In the Gc_zval_possible_root function, when the buffer is full, the program calls the Gc_collect_cycles function to perform a garbage collection operation.
one of the most critical steps is:
Line No. 628 Here is step B of the algorithm in its official document, the algorithm uses depth-first search to find all possible roots, and when found, the reference count in each variable container is reduced by 1, to ensure that the same variable container is not reduced by two times "1", with a gray mark that has been reduced by 1.
Line No. 629 This is the algorithm step C, the algorithm once again to each root node using depth first search, check each variable container reference count. If the reference count is 0, the variable container is marked with white. If the reference count is greater than 0, restore the use of a depth-first search at this point, minus 1 for reference counts (that is, reference count plus 1), and then re-mark them with black.
The last step of line No. 630 algorithm D, the algorithm traverses the root buffer to remove the variable container root (Zval roots) from there, and checks to see if there is a variable container labeled white in the previous step. Each variable container that is marked with white is cleared. in [Gc_collect_cycles ()-> gc_collect_roots ()-> zval_collect_white ()] we can see that the node for the white mark is added to the global variable Zval_to_ Free list. This list is useful in subsequent operations.
The garbage collection mechanism of PHP is marked in four colors during execution.
Gc_white White means rubbish
Gc_purple Purple indicates that the buffer has been placed
Gc_grey Grey indicates that a refcount operation has been performed.
Gc_black Black is the default color, normal
The relevant markup and operation code are as follows:
Copy Code code as follows:
#define Gc_color 0x03
#define Gc_black 0x00
#define Gc_white 0x01
#define Gc_grey 0x02
#define Gc_purple 0x03
#define Gc_address (v) \
((gc_root_buffer*) ((zend_uintptr_t) (v)) & ~gc_color))
#define Gc_set_address (v, a) \
(v) = ((gc_root_buffer*) (((zend_uintptr_t) (v)) & Gc_color) | ((zend_uintptr_t) (a)))

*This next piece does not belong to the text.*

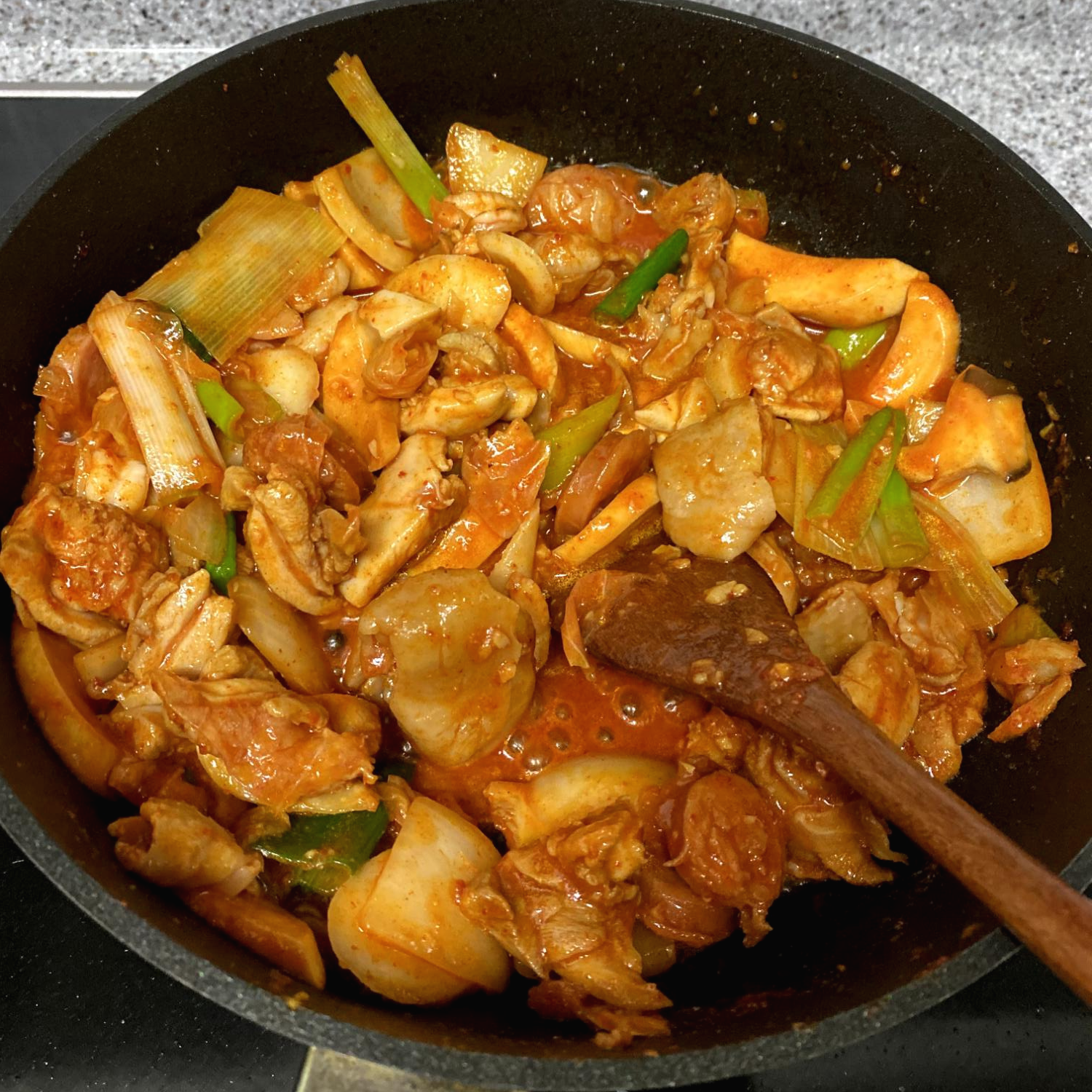 이제 잘 볶아주기만 하면 되는데,

#define Gc_get_color (v) \
(((zend_uintptr_t) (v)) & Gc_color)
#define Gc_set_color (v, c) \
(v) = ((gc_root_buffer*) (((zend_uintptr_t) (v)) & ~gc_color) | (c)))

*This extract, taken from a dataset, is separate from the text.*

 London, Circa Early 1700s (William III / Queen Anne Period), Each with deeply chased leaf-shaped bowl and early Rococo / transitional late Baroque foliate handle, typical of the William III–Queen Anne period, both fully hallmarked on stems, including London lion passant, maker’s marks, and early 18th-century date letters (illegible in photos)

#define Gc_set_black (v) \
(v) = ((gc_root_buffer*) ((zend_uintptr_t) (v)) & ~gc_color))
#define Gc_set_purple (v) \
(v) = ((gc_root_buffer*) ((zend_uintptr_t) (v)) | Gc_purple))
The above is a bit to mark the state of the way in the PHP source code to use a high frequency, such as memory management is useful to, this is a more efficient and save the program. However, when we do database design may not be used for fields this way, should be in a more intuitive, more readable way to achieve.